Дом из парафина - Анаит Сагоян
– Мы ненавидим в других себя самих. За то, что позволили им видеть нашу слабость. За то, что были мудаками, и они это запомнили.
Берлинская ночь стала неуютной. Меня обдало пробирающим холодком, и футболки стало уже недостаточно. Я вдруг понял, почему моя старшеклассница не отпускает меня. Чего-то я ей недосказал. Милая Шпэти, ты – зеркало всех моих неудач. Стою, смотрю на горящую квартиру и ловлю себя на мысли, что и сам не прочь бы спалить все, что окружает мою даже не бывшую. От этого открытия меня немного подкашивает. Я плотнее прижимаюсь к витрине.
Утром все вокруг станет проще и понятнее, говорю себе. Это все ночь. Во всем виноват дождь. Не накручивай. Промокшие до нитки, окруженные ночными фонарями, мы становимся безумцами, способными на отважные или жалкие поступки. Никаких средних частот. А наступит утро, и повыходят наружу все эти счастливцы в узких подвернутых штанишках и их наивные подруги, что носят экосумки с врезающимися в плечо лямками. И лица у них такие необремененные, как будто никто у них ни разу не крал велосипеда.
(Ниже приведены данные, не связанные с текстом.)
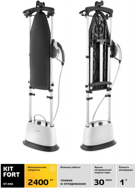 Отпариватель напольный Kitfort КТ-940 2400Вт белый/серый

И даже ни разу не выкрутил седло. И вот ты смотришь на них, и все кажется проще.
– Хорошо-то как! – Цукерберг потянулся, аж кости затрещали. Меня охватил сладкий озноб, будто это мои кости. Сильно захотелось спать. – До чего хорошо! Утром пройдусь по району, соберу бутылок. Куплю карривурст и с местными о пожаре потолкую. Вдруг кто что узнал.
– И всё?
– И всё, – Цукерберг пожал плечами, как будто хотел спросить: а что еще? Да ничего. Все цукерберги постигли некую истину.
Когда был потушен последний очаг возгорания, мой новый знакомый резко оттолкнулся от витрины киоска и зашагал прочь. Видимо, ни хлеба, ни зрелищ дальнейшее не сулило. Он с омерзением отбивался от дождя, который сразу же обрушился на него за навесом. Капли шумно расползались по земле, и Цукерберг не услышал, как что-то выпало из его кармана. Я почти окликнул его, но тут узнал предмет в луже. Когда я подобрал спичечный коробок, он был уже совсем мокрый, но дождь еще не успел смыть запаха бензина.
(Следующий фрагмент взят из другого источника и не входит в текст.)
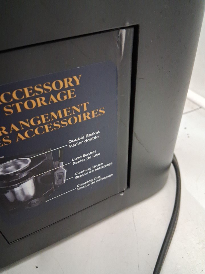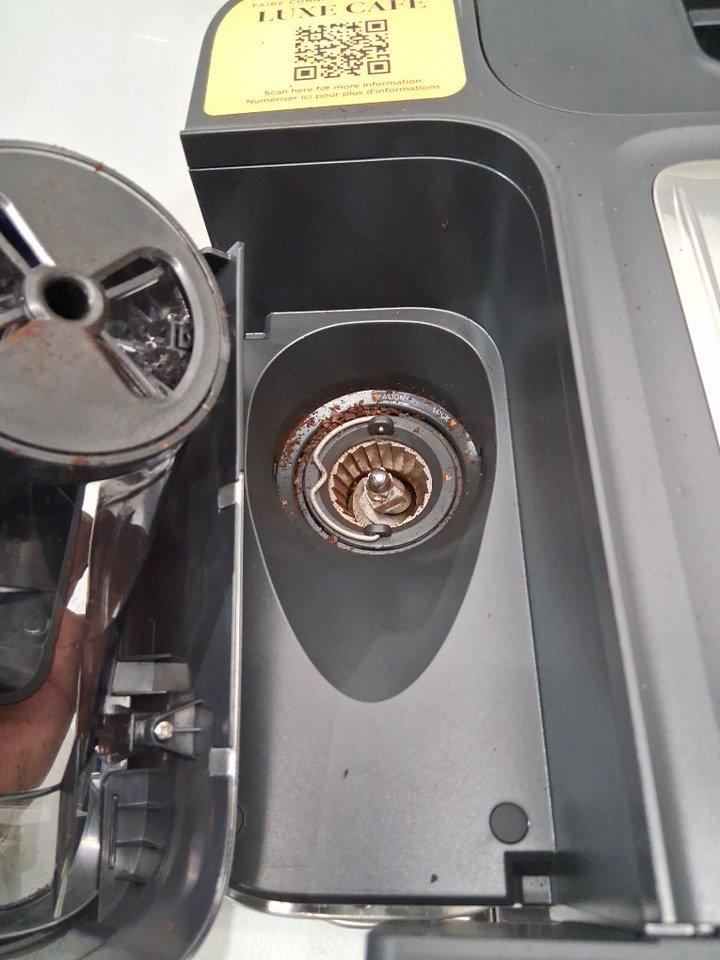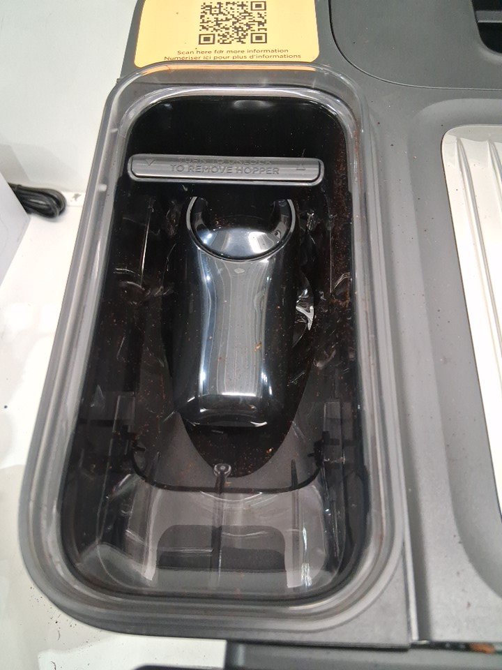 + The bean hopper lid is missing + + The side doors hinge is damaged but is still functional + + Tested for basic power only + + Residual coffee grinds +

Я иду прочь от дыма и тревоги. Прочь от выдохов облегчения, испускаемых толпой. Ни злорадствуя, ни сочувствуя. Шпэти… Ну что, Шпэти? Все считаешь выручку, перевыполнила план? Тут такой пожарище, а ты сбыла зевакам табака и алкоголя на неделю вперед. Каждый выживает по-своему. И ты тоже изменилась. Совсем другая стала. А мне остается лишь вспоминать прежние твои локоны на ветру.
Да и я уже не тот. Все мои герои – на потертой кинопленке, а их апперкоты больше никого не впечатляют. Все мои женщины – фантомы в пестрых отблесках ночного города, а собеседники сжимают в карманах спичечные коробки, пропахшие горючим. И музыка моя – из прошлого века. Стою под множеством фонарей, освещенный до дыр. Я всего лишь слизняк, чудак у киоска за углом. Что, черт возьми, я делаю здесь?…
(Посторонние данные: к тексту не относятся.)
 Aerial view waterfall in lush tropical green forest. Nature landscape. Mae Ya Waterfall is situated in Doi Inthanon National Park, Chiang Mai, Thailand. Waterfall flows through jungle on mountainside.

Дождь льет без повода и цели. Голова идет кругом. Вот иду я к остановке какой-нибудь благозвучной улицы в каком-нибудь квартале старых, выгнивающих по контуру домов, а позади меня, дружно взявшись за руки, ступают широкоплечий Сигал, постигший истину Цукерберг и милая Шпэти из старших классов. Хочется резко обернуться и столкнуть их куда-нибудь на обочину или в канаву. Но, сколько ни крутись, они дышат тебе в затылок до самого рассвета. Пока наконец не потухнут фонари.
Желтоглазые
– И поет мне в землянке гармонь про улыбку твою и глаза…[13] – сипло напел я себе под нос, скомкал залежавшуюся в рюкзаке квитанцию и выбросил ее в маленький подвесной мусорный ящичек. В такие обычно проталкивают бумажные стаканчики из-под кофе, и те торчат, потому что ящички им не впору.
Сев, я уставился в огромное окно. Водитель автобуса наскочил на ухаб, но не сбавил скорости. Снова ухаб. Скат. Вдавливаю подошву в мягкое теплое дно под передним сиденьем: старая привычка искать тормоза. Чудак снова вынуждает меня до упора топить воображаемую педаль. Но вот серпантин сгладился, холмы распрямились, как под паром утюга, и все обошлось. Меняю педали. Стертое сцепление снова дает о себе знать. Как много лет назад.
За окном ровные, простирающиеся до горизонта поля придавило облаками. Радуюсь каждому новому признаку похолодания, как будто ими можно измерить, как далеко позади, на юге, оставлен Берлин с его захламленными улицами снаружи и белыми, вечно необжитыми стенами внутри.
В Варнемюнде пахнет влагой. Она оседает в легких, и, когда дышишь, чувствуешь сопротивление. Вообще, остается ощущение, что здесь природа тебя отторгает. Или просто не замечает. Она очарована не тобой, обласкана кем-то другим. А ты ведь в нее влюблен. Это как взросление, прирост нового годичного кольца.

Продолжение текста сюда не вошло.